Age is seen here as a significant positive predictor of SRH. Respondents in the old-old category (80 and above) were more likely to report poor health compared to reporting good health. This result is consistent with other studies that have found age to be associated with poor health [47, 48]. The biological process of ageing could possibly explain this correlation; though old people tend to experience decline in mobility and other physical and health conditions, requiring support to undertake usual activities, the situation tends to be worse for older people within the elderly category. Besides, the social (including health) infrastructure in Ghana tends not to be supportive of everyday life and care for older persons – for instance, there are few or no specialist gerontologists in most African countries including the Ghanaian health systems [49]. Thus, this study’s result is expected. A similar study in Thailand found old age to be positively associated with poor health [50] due to decline in mobility and activities. In Japan, Liang et al. found poor health to be highest among those aged 60–85 [51]. According to some authors, increasing stressors and poor conditions increase the chances of disability, frailty and death, thereby outlining the importance of good wellbeing earlier on in life [52]. The cultural setting in Ghana (i.e. the extended family system) provides some form of guaranteed support by their children and grandchildren [53]. However, the current day modernisation and urbanisation of the Ghanaian society has led to economic hardship with more focus on the nuclear family and a collapse of the traditional family support system to elderly persons [54]. This means that reporting poor health could be due to lack of emotional and financial support from loved ones, often feeling that they have become a burden to society.

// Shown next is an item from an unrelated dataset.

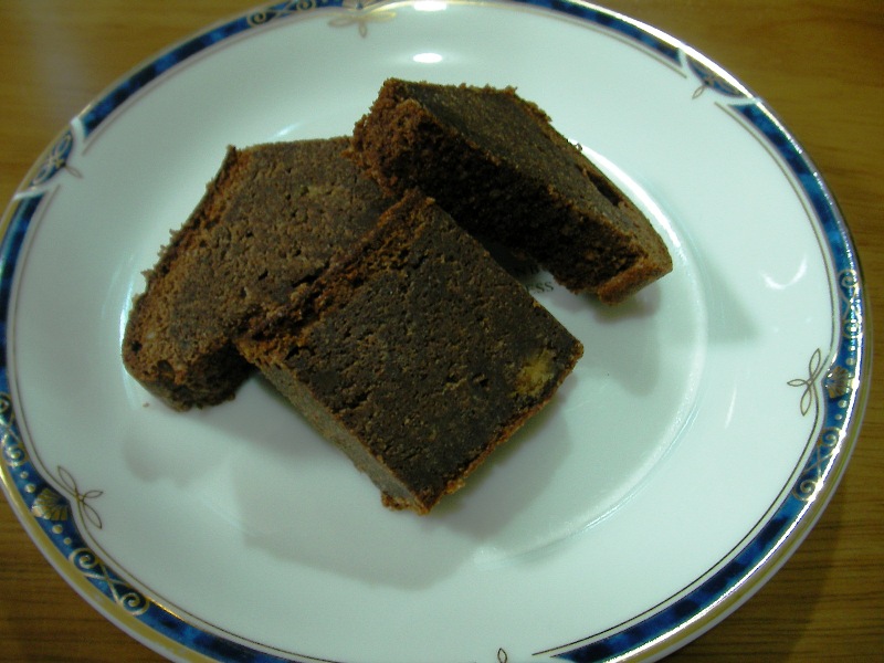 見た目は真っ黒でかなり濃厚な感じですが、色の半分はココアによるものなのと、生クリームを使っていないこと、粉類の大半をアーモンドに切り替えたおかげで、濃いけどあっさり、という不思議なケーキが出来上がりました。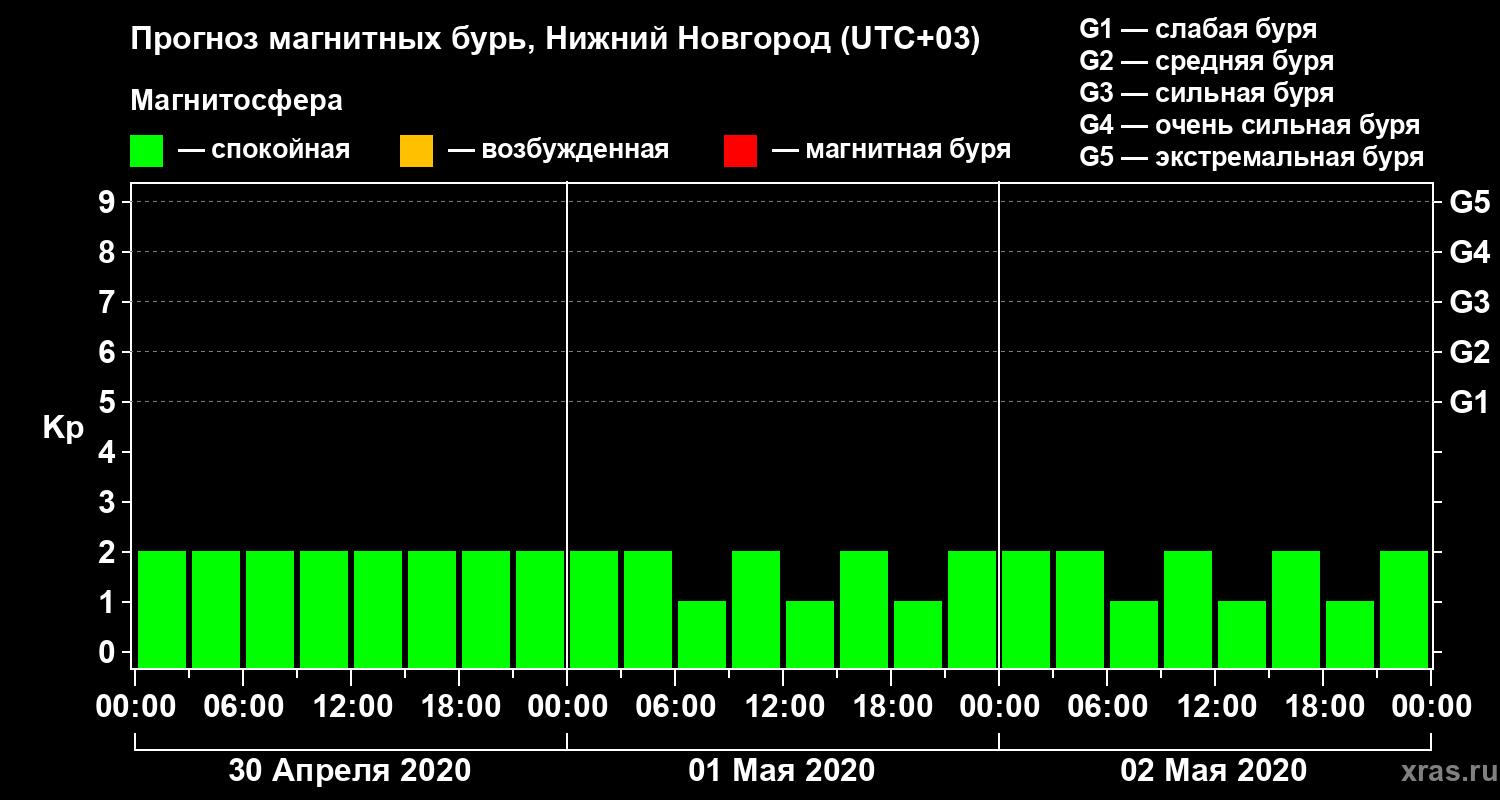 Прогноз магнитных бурь Нижнем Новгороде на 30 апреля 2020 года

Previous studies have shown that elderly persons with chronic conditions report poor health compared to those without these conditions [29, 55]. This study showed similar findings. One possible explanation for this is that over 89% of Ghanaians including elderly persons lack in-depth knowledge of diseases and disease preventive practices [56]. Even the National Health Insurance Scheme (NHIS) instituted in 2004 to increase access to healthcare service failed to cover a significant proportion of elderly persons. This invariable implies less access to healthcare services for the elderly, late detection of diseases, rising incidence of chronic diseases and consequent poor health outcome. Equally, the rising incidence of non-communicable diseases (NCDs) can be partly attributed to the increasing ageing population and poor lifestyle [5759]. High incidence of NCDs indicates increase healthcare needs for the elderly with associated cost implications in the future [60]. Society’s inability to meet these needs likely impacts the quality of life of older populations.

Income was shown to have a negative effect on SRH; Respondents of the highest income quintiles were less likely to report poor health compared to those in the middle and low income quintiles. In other words, low income earners were more likely to report poor health. With higher demand for health care, a population’s affordability of health care services remains crucial in lessening the burden of diseases. This finding is consistent with Tajvar et al. who found that most elderly Iranians who were poor and lived under poor conditions with little or no earnings, perceived their health to be poor [61]. It is known from literature that people in the high income groups can easily afford healthcare and as such, take care of their healthcare needs better and live longer [62]. By implication, high income increase the ability to purchase healthcare services. Also, some scholars found that high income exposes individuals to a good living environment which positively impacts on health [63]. Others hold that low income leads to a feeling of incompleteness, inferiority complex and psychosocial stress [64, 65], which in themselves influence self-reported health status. Some authors carried out a similar study in Ghana with related findings [35]. In the contrary, some authors found no association between income and individual health status, most likely due to the use of an objective measurement of health state [66].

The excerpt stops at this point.